Furthermore in future endeavours to reduce extreme poverty it is also fundamental to understand what specific context they live in and what are the challenges poor face. Globally in recent years we have witnessed that conflict has intensified dramatically and in new complex forms and climate change has affected all continents with no exemption. These external shocks will expose poor which are the most vulnerable to all hazards. Again poverty dynamics shall be important because it may be useful to analyse specifically the impact of multiple fragilities into poverty.
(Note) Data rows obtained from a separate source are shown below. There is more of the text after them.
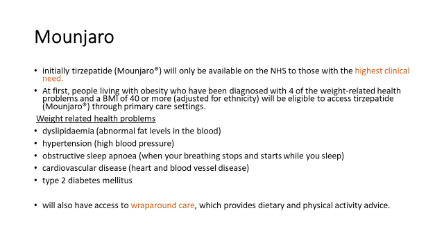 We are losing this fight against fat, but for those that really have tried everything, the big guns of “Big Pharma” are repurposing their arsenal of diabetic injections to join this fight. The most effective of the current crop is Mounjaro, and this will be available on a limited roll out programme in general practice shortly. The initial criteria will be very strict. We have included the slides from a presentation to our clinicians about this for your information.
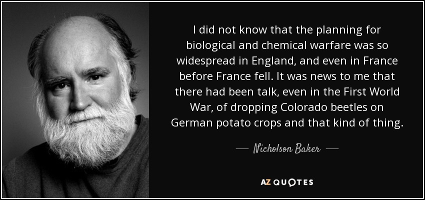 I did not know that the planning for biological and chemical warfare was so widespread in England, and even in France before France fell. It was news to me that there had been talk, even in the First World War, of dropping Colorado beetles on German potato crops and that kind of thing.
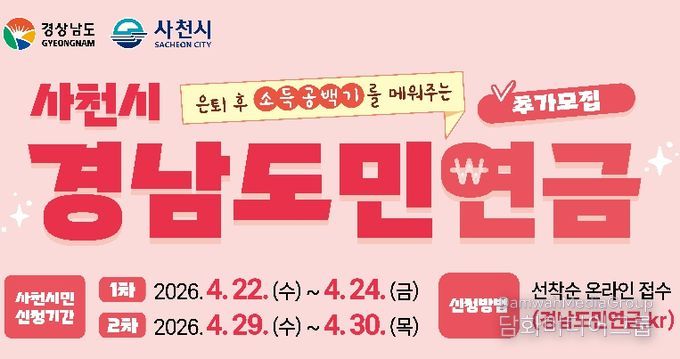 시민행정신문 강갑수 기자 | 사천시가 은퇴 후 소득 공백기를 대비하기 위한 ‘2026년 경남도민연금 지원사업’ 가입자를 추가 모집한다고 10일 밝혔다.
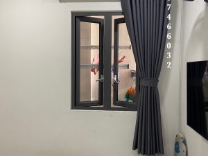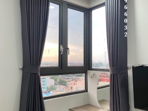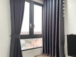 Hình 1.1: Rèm vải chống nắng tone xám đen cho phòng ngủ tại căn hộ của chị Hồng
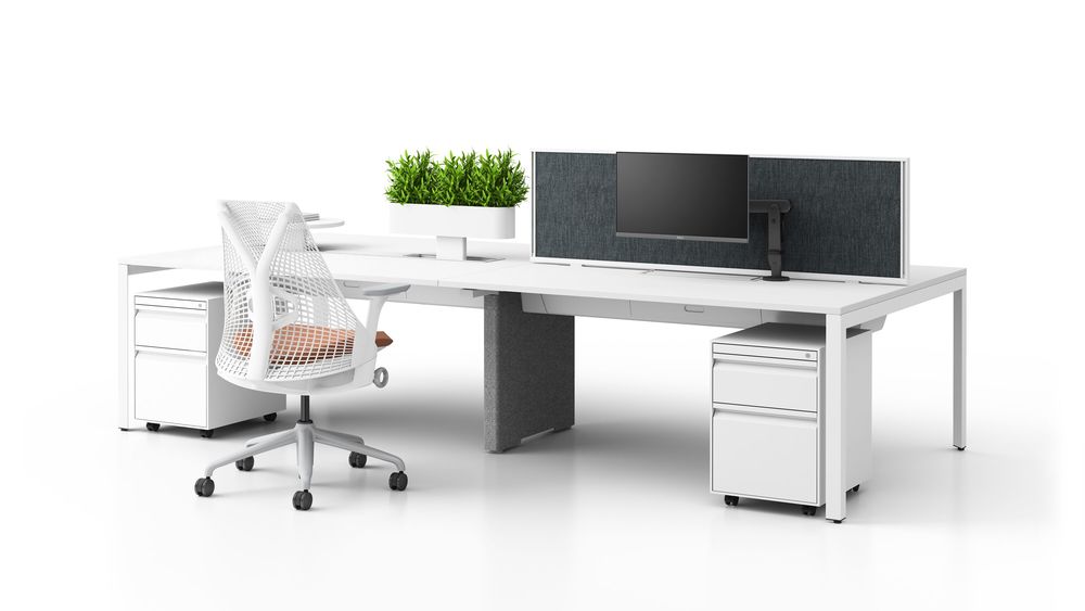 Byne merges the strengths of four classic Herman Miller systems—Imagine, Layout, Optimis, and Arras—plus the heat warmth of the new wood leg Sylvain. Mix and match legs, tops, finishes, and accessories to translate your identity into space.
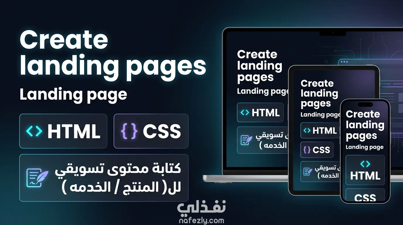 تصميم و كتابة صفحات هبوط احترافية (Landing Page) متجاوبة وسريعة بـ HTML وCSS تفاصيل العمل
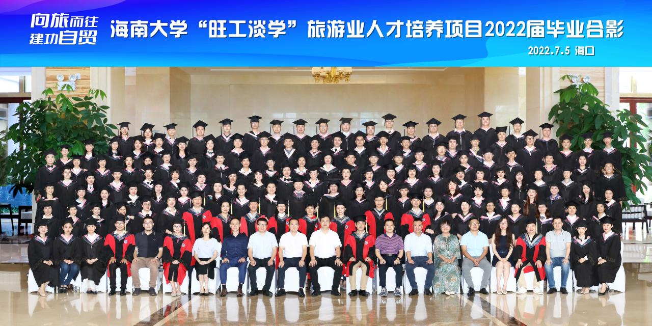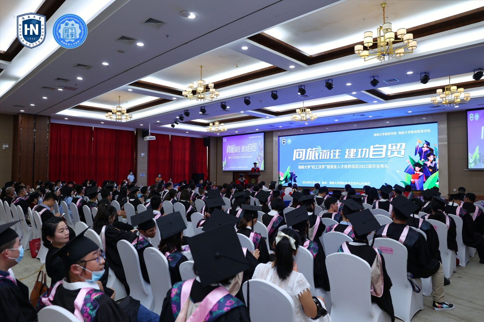 2022年7月5日,海南大学“旺工淡学”旅游业人才培养项目2022届毕业典礼在海口隆重举行,省旅文厅人教处李恩处长、省教育厅高教处刘世琼调研员、中国旅游饭店业协会副会长及省旅游饭店业协会执行会长刘凯强、海南省旅游协会廖小平秘书长、三亚旅游行业协会联合会总干事邓勇波、海南大学旅游学院郭强院长、韩力光书记、继续教育学院李仁君院长、部分代表性酒店总经理和人力资源总监、2022届221位毕业生及部分家长近200人参加了毕业典礼。
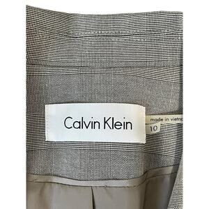 Calvin Klein Women's Career Blazer Size 10 Houndstooth Plaid Black White Jacket
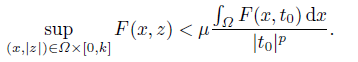 such that F (x, t0) > 0. We take z0 = 0, z1 = s0 = h−1(t0), then 1 < t0 = h(s0) . Denote r = Q(M/c)p, we have
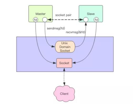 这时,神奇的 sendmsg 登场了。它是操作系统提供的系统调用,可以在不同的进程之间传递文件描述符。sendmsg 会搭乘一个特殊的「管道」将 Master 进程的套接字描述符传递到 Slave 进程,Slave 进程通过 recvmsg 系统调用从这个「管道」中将描述符取出来。这个「管道」比较特殊,它是 Unix 域套接字。普通的套接字可以跨机器传输消息,Unix 域套接字只能在同一个机器的不同进程之间传递消息。同管道一样,Unix 域套接字也分为有名套接字和无名套接字,有名套接字会在文件系统指定一个路径名,无关进程之间都可以通过这个路径来访问 Unix 域套接字。而无名套接字一般用于父子进程之间,父进程会通过 socketpair 调用来创建套接字,然后 fork 出来子进程,这样子进程也会同时持有这个套接字的引用。后续父子进程就可以通过这个套接字互相通信。

It is widely recognized that conflicts and climate change can reverse gains made in poverty reduction, throwing large numbers of vulnerable and marginalised households, previously above the poverty line, into poverty. Conflicts and climate change affect the poor and vulnerable disproportionately, especially women, children, the elderly and those recovering from external shocks. Very often, it is those living on the fringe of society without adequate coping mechanisms (savings, insurance, social safety nets or social protection) who are most vulnerable to the impacts of conflict and instability, and are most likely to fall into poverty through the consequences of war or environmental shocks.

Thus increasingly poverty literature will take on board the concept of vulnerabilities and economic resilience into poverty analysis as the recognition of the impact of external shocks on poor. Technically there are some conceptual changes: poverty becomes a stochastic phenomenon and the current poverty level of a household, may not necessarily be a good guide to the household’s expected poverty in the future. In conventional poverty analysis a household’s observed poverty level is an ex-post measure of a household’s well-being while the forward-looking anti-poverty interventions should go beyond cataloging who is currently poor and who is not and look at the future poverty through households’ vulnerability assessments.

Absolute poverty analysis that chooses a welfare indicator, identifies the poor through a poverty line and aggregates them fails to take vulnerability into account assuming that poor live in the “world of certainty” neglecting the different risks that they face and how vulnerable they are to crises/conflict throwing them into deeper poverty. (Dercon 2005:20)

 “There are many different definitions of vulnerability, but are all consensual about the link between vulnerability and risk. Coudouel and Hentschel (2000:34) argue that vulnerability goes beyond income vulnerability but also incorporates risks related to health, violence and social exclusion. But within the study of vulnerability on the opposite side there is the underlining principle of resilience. Indeed Chambers (1989:1) stated that vulnerability refers not only to the exposure to contingencies and stress, but to a defenselessness status due to a lack of means to cope without damaging loss. Poor coping strategies such as lack of assets, insurance or safety-nets increase vulnerability in the face of repeated disasters natural or political instability that can push someone from relative wealth to poverty and from poverty to extreme poverty or destitution. Wood (2003:455) believes that the poorest cannot apply risk management and strategic preparation for the future to ensure their security.” 

Definitions of Vulnerability

Vulnerability assessments may be relevant to study extreme poverty because they allow understanding the impact of several external shocks on poor by creating a profile on the scale and intensity of risks that poor face. This approach allows to account damage to assets such as crops, livestock or infrastructure as well as to identify the coping strategies available such as assets; insurance and safety nets that demonstrate resilience. It may also show the impact on different groups of poor for e.g. the chronically poor. It allows policy-makers to understand the dynamics of vulnerability in fragile contexts useful to set policy recommendations in areas of provision of insurance, social protection, human rights and legal protection.

Either our goal is total poverty eradication or the target of 3% residual poverty, tackling extreme poverty means to address poverty in all its forms, namely phenomenon related with chronic and transitory poverty, vulnerability and resilience.